======== RECORDED INFORMATION
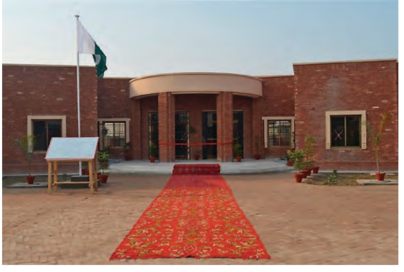
> Figure A12: Khanki girls' high school. Entrance to the new building located in Khanki Village.
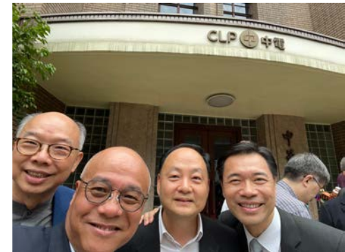
Visit to CLP Pulse
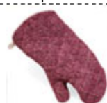
#1329 - $14.50 Oven Mitt
================
▶ _WHAT YOU WILL DO_
Could you repeat all of the data exactly, minus the pictures?

▶ _ANSWER TO THIS TASK_
> Figure A12: Khanki girls' high school. Entrance to the new building located in Khanki Village.
Visit to CLP Pulse
#1329 - $14.50 Oven Mitt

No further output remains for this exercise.